From $x^2 - dy^2 = 1$ complete the square to get $(x - \sqrt{d} y)(x + \sqrt{d} y) = 1$, and as both side must be positive we deduce that $x \gt \sqrt{d} y$.

This leads to $x - \sqrt{d} y = \dfrac{1}{x + \sqrt{d} y}$.

Therefore $\dfrac{x}{y} - \sqrt{d} = \dfrac{1}{y(x + \sqrt{d} y)}$; note also that $\dfrac{x}{y} - \sqrt{d}$ will always be positive.

But as $x \gt \sqrt{d} y$ it follows that $\dfrac{x}{y} - \sqrt{d} \lt \dfrac{1}{y(\sqrt{d} y + \sqrt{d} y)} \lt \dfrac{\sqrt{d}}{y(\sqrt{d} y + \sqrt{d} y)}$.

However, $\dfrac{\sqrt{d}}{y(\sqrt{d} y + \sqrt{d} y)} = \dfrac{\sqrt{d}}{\sqrt{d} y(y + y)} = \dfrac{1}{y \times 2y} = \dfrac{1}{2y^2}$.

Hence $0 \lt \dfrac{x}{y} - \sqrt{d} \lt \dfrac{1}{2y^2}$, or $\sqrt{d} \lt \dfrac{x}{y} \lt \sqrt{d} + \dfrac{1}{2y^2}$.

It can be clearly seen that $\dfrac{x}{y}$ will always be greater than $\sqrt{d}$, but as $y$ increases the error, $\dfrac{1}{2y^2}$, decreases.

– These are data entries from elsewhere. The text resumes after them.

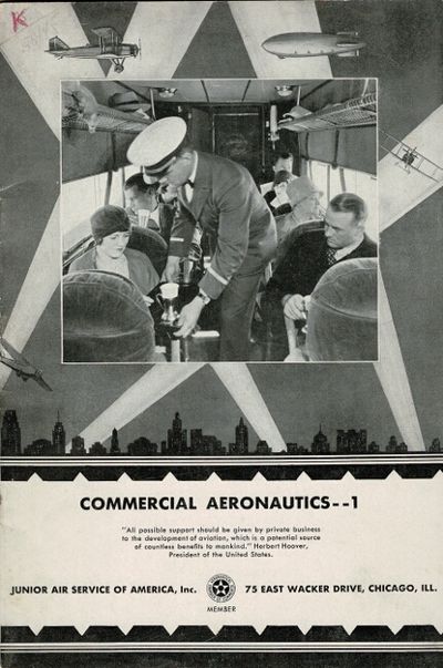 Chicago: Junior Air Service of America Inc, 1930. 8vo, pp. 58, [2]; text illustrations throughout; illustrated self-wrappers; small inscription in corner of upper wrapper, text clean and sound, near fine. A corporate product, with articles covering the history of aviation and important milestones,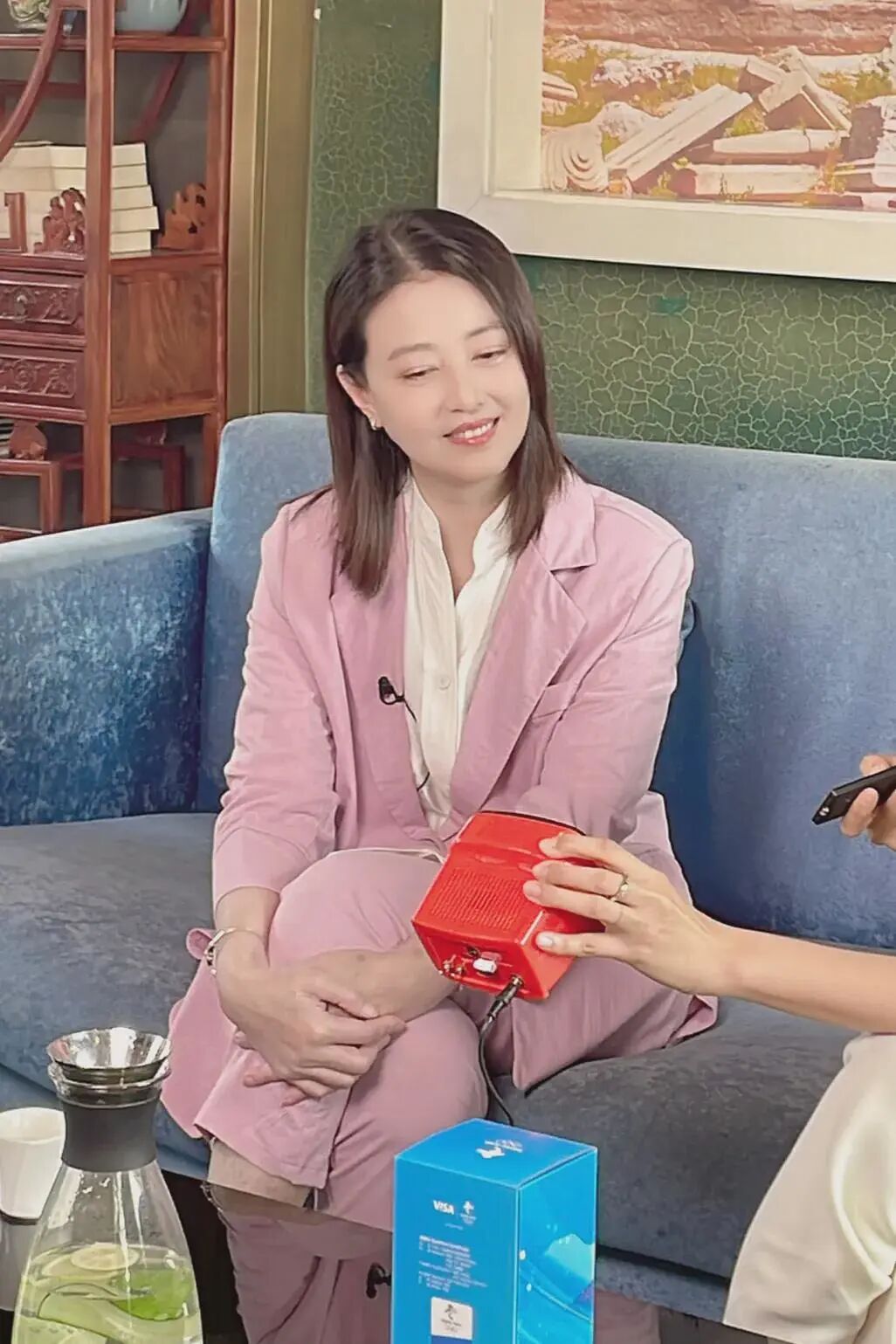 照片中周海媚穿的这一件粉色的西装也是超级有女人味,尤其是她笑起来的时候脸上也没有什么皱纹,所以从这个角度看过去的话,也是特别显年轻。果然呀,还是她一直能够保持这样高级的气质,就算是年纪大了也不会显得很老。穿上西装之后依旧是有女人的气质感。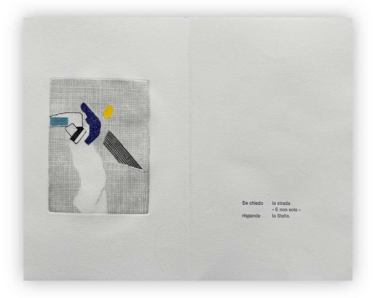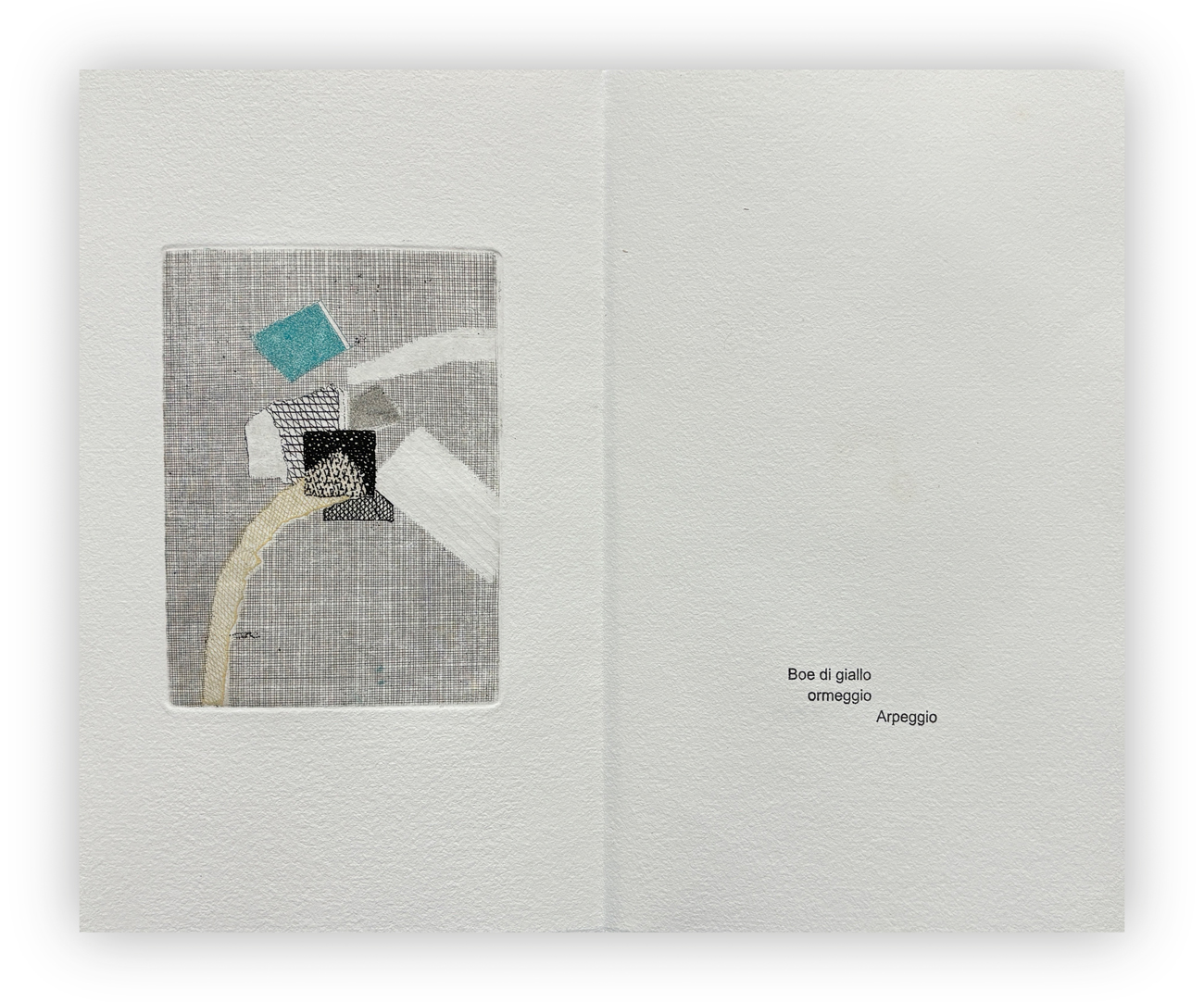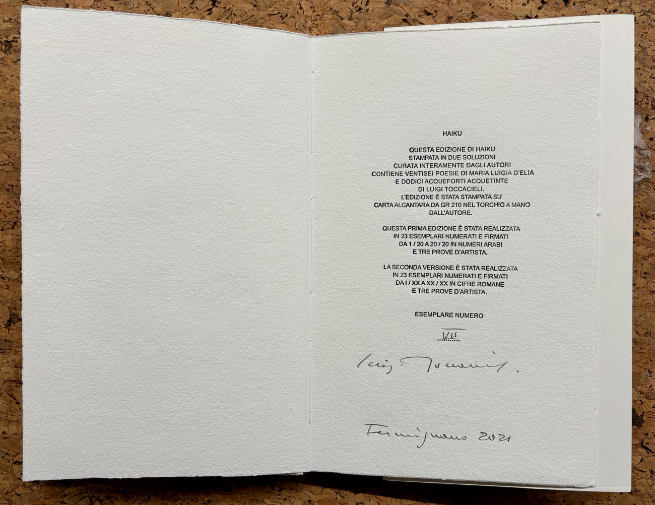Edizione d'arte, realizzata su carta Alcantara 210 gr, recante 26 poesie di Maria Luigia D'Elia illustrate da 12 acqueforti acquetinte di Luigi Toccacieli

To complete the proof we must show that infinitely many increasing solutions in $x$ and $y$ can be found in order to approach the limit.

Consider the mapping $(x,y) \rightarrow (x^2 + dy^2,2xy)$:

$$\begin{align}(x^2 + dy^2)^2 - d(2xy)^2 &= x^4 + 2dx^2 y^2 + d^2 y^4 - 4dx^2 y^2\\&= x^4 - 2dx^2 y^2 + d^2 y^4\\&= (x^2 - dy^2)^2\\&= 1\end{align}$$

That is, if $(x,y)$ is a solution to $x^2 - dy^2 = 1$ then $(x^2 + dy^2,2xy)$ is also a solution, and as $2xy \gt y$ we prove that infinitely many solution exist which converge to the limit $\sqrt{d}$.